Pak under AIDs attack


INADEQUATE measures for curtailing HIV/AIDs have brought embarrassment to Pakistan as the United Nations has put it on the list of eleven countries that have the highest prevalence of disease: 13 per cent in its latest report. It is the highest ratio of HIV prevalence the country has touched during the last decade raising concerns among global health partners.

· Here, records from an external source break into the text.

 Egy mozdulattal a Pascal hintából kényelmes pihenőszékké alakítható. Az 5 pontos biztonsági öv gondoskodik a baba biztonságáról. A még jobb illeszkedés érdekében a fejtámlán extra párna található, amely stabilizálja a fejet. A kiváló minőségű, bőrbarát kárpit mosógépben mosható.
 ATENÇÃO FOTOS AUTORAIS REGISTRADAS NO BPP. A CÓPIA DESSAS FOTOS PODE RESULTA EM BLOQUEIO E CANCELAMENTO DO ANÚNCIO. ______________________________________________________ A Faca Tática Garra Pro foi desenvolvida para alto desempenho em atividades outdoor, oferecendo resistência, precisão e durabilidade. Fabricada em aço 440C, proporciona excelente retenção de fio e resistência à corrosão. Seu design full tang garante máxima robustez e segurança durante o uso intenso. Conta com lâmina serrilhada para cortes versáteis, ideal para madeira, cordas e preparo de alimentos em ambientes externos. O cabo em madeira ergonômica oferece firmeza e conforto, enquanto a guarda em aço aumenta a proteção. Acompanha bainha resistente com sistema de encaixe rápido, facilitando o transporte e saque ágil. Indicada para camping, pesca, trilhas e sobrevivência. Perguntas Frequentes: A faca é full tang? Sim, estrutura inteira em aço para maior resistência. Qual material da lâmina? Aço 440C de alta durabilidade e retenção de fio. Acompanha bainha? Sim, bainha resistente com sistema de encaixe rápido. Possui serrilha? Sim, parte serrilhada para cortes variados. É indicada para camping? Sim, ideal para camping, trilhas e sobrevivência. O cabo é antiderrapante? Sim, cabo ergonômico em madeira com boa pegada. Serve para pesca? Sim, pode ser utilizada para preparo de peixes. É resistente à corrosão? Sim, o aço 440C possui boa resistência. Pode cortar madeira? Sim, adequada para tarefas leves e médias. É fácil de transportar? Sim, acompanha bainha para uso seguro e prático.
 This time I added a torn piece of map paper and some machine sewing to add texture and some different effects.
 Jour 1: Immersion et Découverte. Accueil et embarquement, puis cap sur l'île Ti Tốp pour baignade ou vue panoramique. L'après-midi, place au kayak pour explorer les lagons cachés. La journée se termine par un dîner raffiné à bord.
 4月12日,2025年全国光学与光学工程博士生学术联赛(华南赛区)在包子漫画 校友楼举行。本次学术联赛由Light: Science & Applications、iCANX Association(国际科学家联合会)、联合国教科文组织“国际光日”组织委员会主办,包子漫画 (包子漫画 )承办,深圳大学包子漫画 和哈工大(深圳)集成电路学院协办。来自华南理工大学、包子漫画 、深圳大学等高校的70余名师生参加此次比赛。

The UNAIDs-2019 analysis revealed that the world is on track to end the AIDs epidemic by 2030 but Pakistan is amongst the countries where ratio of new AIDs cases saw a sharp increase. It is the same kind of situation that we have witnessed in polio cases. Whilst the world has gotten rid of polio, Pakistan is only amongst the three countries where this crippling virus still exists and is taking its toll on our children. Now increase in HIV/AIDs cases should ring alarm bells in the relevant quarters and federal and provincial governments should coordinate efforts to reverse this trend. National AIDS Control Programme established back in 1986-87 needs to be further strengthened which should take on board the provinces to meet the challenge. Without proper attention and intervention immediately, the HIV emergence can develop into full-blown cases of AIDS, one of the most miserable conditions a person can endure. Quite recently, we also saw the high prevalence of HIV/AIDs in Larkana district of Sindh province which triggered fright and uncertainty amongst the masses. Firstly, there is need to launch a proper awareness programmes using different mediums to minimize the infection of HIV/AIDs. This outbreak should be taken as a health emergency and there is need to act fast against medical malpractices including unsafe blood transfusion. Crackdown should be launched against quacks and unlicensed medical practitioners. The people also need to be careful be it the use of syringes or the blades. There is also need to do away with taboos surrounding the sexual health and practices that make it difficult for those suffering from this dangerous disease to seek medical help. Stigma attached to the disease needs also to be addressed in order to check its rise.